Such diagnostic classification can result in contrasting clinical phenotypes and may have augmented the heterogeneity of adolescent MDD. Similarly, it has contributed to the substantial failure to obtain consistent, well-replicated findings of the efficacy of psychotherapeutic and psychopharmacological treatments for adolescents with MDD (Bridge et al. 2009). In parallel, to minimize the conundrum of clinical heterogeneity, research in MDD has turned increasingly to the study of key features of depression (Gabbay et al. 2012a,b, 2013; Henderson et al. 2013). However, research investigating the clinical relevance of core symptoms in depressed youth is limited. In a population-based study, irritability among youth with MDD was associated with increased rates of disruptive disorders (Stringaris et al. 2013). Others have focused on anhedonia, which in adolescence, was identified as a predictor for MDD in adulthood (Pine et al. 1999; Wilcox and Anthony 2004). Anhedonia was also associated with greater illness severity in depressed preschoolers (Luby et al. 2004). Furthermore, Treatment of Resistant Depression in Adolescents (TORDIA), a multisite study of treatment-resistant adolescents with MDD, documented that anhedonia, assessed quantitatively, was the only clinical predictor of poor treatment response to antidepressant treatment/therapy (McMakin et al. 2012).

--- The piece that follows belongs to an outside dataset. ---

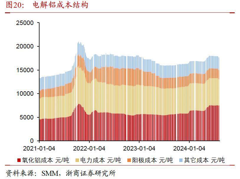 供应“天花板”压顶的情况,也意味着铝企想要获取超额利润就必须得在成本上做文章,而管控成本恰恰是“魏桥系”公司的传统优势技能。拆解电解铝成本结构,电力成本是其中的大头之一,据SMM数据,电力成本占总生产成本的比重约为32%。通过技术攻关,宏拓实业早已掌握了600kA特大型预焙阳极电解槽技术,电耗可较行业平均水平降低10%,吨铝成本优势可达15%-20%。

Building upon these observations, we sought to extend prior work to examine relationships between both irritability and anhedonia – assessed quantitatively and categorically – and other clinical correlates among depressed adolescents. To our knowledge, this is the first of such work, and, therefore, it will be a significant contribution to clinical practice. Based on our prior investigations in smaller samples (Gabbay et al. 2012a,b, 2013; Henderson et al. 2013), we hypothesized that: 1) Both anhedonia and irritability would be normally distributed and manifest the full distribution of symptom severity, and 2) anhedonia would be associated with increased illness severity measures; specifically, overall illness severity, level of suicidality and number of suicide attempts, current episode duration, and number of episodes. Directional hypotheses were not posited for irritability. We also explored other possible correlates with age, gender, body mass index (BMI), and ethnicity.

Methods

Study subjects

The sample consisted of 90 adolescents with MDD who were evaluated at pediatric mood and anxiety disorders research programs in the New York metropolitan area from 2004 to 2013. Prior to clinical evaluation, study procedures were explained to the subjects and the parents. Participants ≥ 18 years of age provided signed informed consent; those < 18 years of age provided signed assent, and a parent provided signed informed consent.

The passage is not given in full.